A cross-cutting (or factorial) design assigns units to all combinations of two or more independent treatments simultaneously. This allows researchers to estimate the effect of each treatment on its own as well as their combined effect, without running separate trials for each.

Example: Teacher training and materials

Group	Training	Materials	Sample size
Control	No	No	25%
T1	Yes	No	25%
T2	No	Yes	25%
T3	Yes	Yes	25%

This design answers three questions with one study: Does training work? Do materials work? Do they work better together than separately?

Phase-in design

In a phase-in design, units are randomized into cohorts that receive treatment at different points in time. Early cohorts serve as treatment; later cohorts serve as the comparison group until they receive the program. This is useful when withholding treatment permanently is ethically problematic, since all units eventually benefit.

Example: Community program rollout

Phase	Treatment group	Control group	Timeline
1	25%	75%	Months 1-3
2	50%	50%	Months 4-6
3	75%	25%	Months 7-9
4	100%	0%	Months 10-12

Each phase provides a measurement point and allows the program to be refined before the next rollout.

Encouragement design

In an encouragement design, researchers randomize who receives encouragement, targeted marketing, reminders, or application assistance, rather than access to the program itself. Because encouragement affects take-up but does not directly change outcomes, it serves as an instrument for actual participation.

This design is appropriate when a program has already begun and randomization cannot happen after the fact, when take-up rates are a specific area of interest, or when services are entitlements that cannot ethically be withheld.

One distinction to maintain: if the outreach campaign itself is the object of study (e.g., does targeted advertising increase enrollment?), the encouragement is the treatment, not an instrument for a separate program. This affects both analysis strategy and interpretation.

Case study: Reproductive health advice via SMS in Uganda

IPA, in partnership with the Grameen Foundation, Google.org, and MTN, evaluated a program that delivered sexual and reproductive health information via SMS to mobile phone users in Uganda.
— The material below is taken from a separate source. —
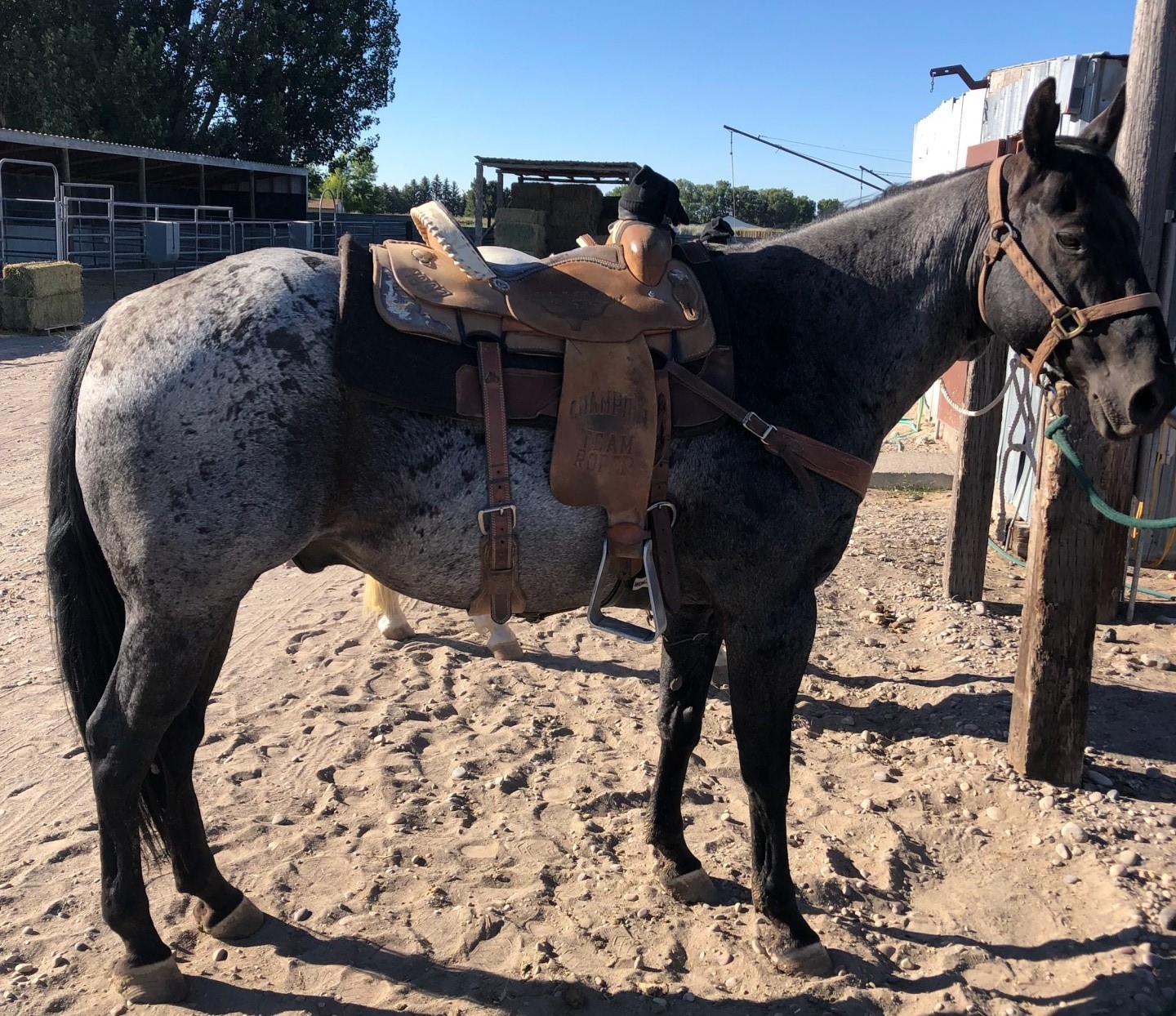 Good head or heel horse for sale will fit a 3-5 roper not for a beginner the only reason I say that is because he is a little spooky with his feet he has been since we have owned him other than that you can take him out in the mountains he is fine being alone good hard feet videos available upon request we do have have steers for you to come try him on. Please call or text for more info

Randomizing cell phone coverage directly was not feasible, so the study randomized targeted marketing across trading centers. Some received active promotion of the service, others received none, covering approximately 1,800 mobile phone users.
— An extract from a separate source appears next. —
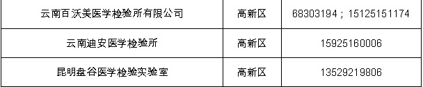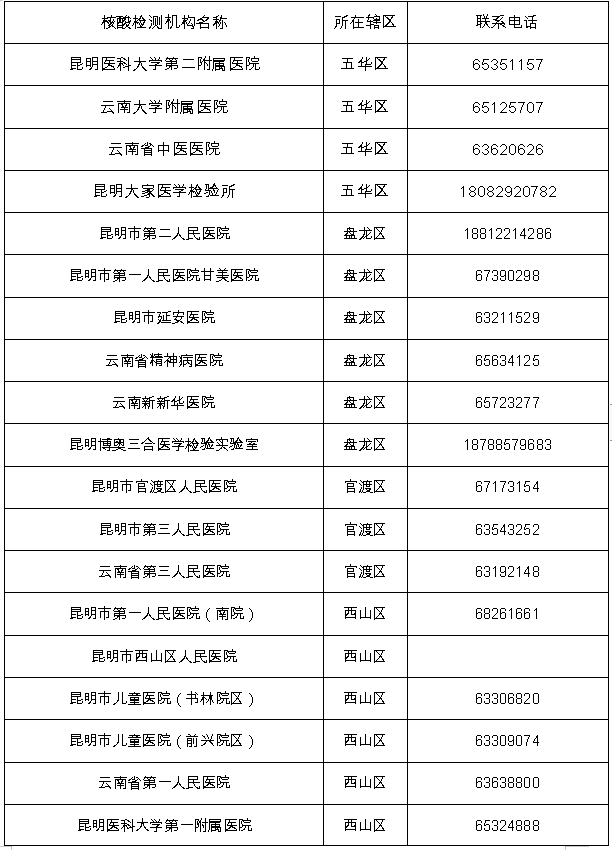 昆明市核酸检测机构名单
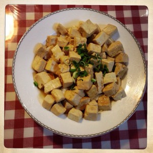 用葱姜爆锅,放进豆腐轻推,倒酱油,加水,加糖和盐,干贝素。收汁即可。

The design addressed two questions: when a service exists, what generates take-up? And for those who use it, is it effective? Outcomes included knowledge of sexual and reproductive health, risky behavior, clinic visits, and uptake of preventive health services.

Illustration of take-up differential

Group	Encouragement	Program access	Expected take-up
Treatment	Active outreach	Yes	60%
Control	No outreach	Yes	30%
Difference			30 percentage points

Stratified randomization

Stratification divides the sample into subgroups based on baseline characteristics and randomizes within each subgroup. This guarantees balance on the stratification variables even in small samples, where chance alone might produce imbalanced groups. The more predictive the stratification variable is of the outcome, the greater the gain in statistical precision.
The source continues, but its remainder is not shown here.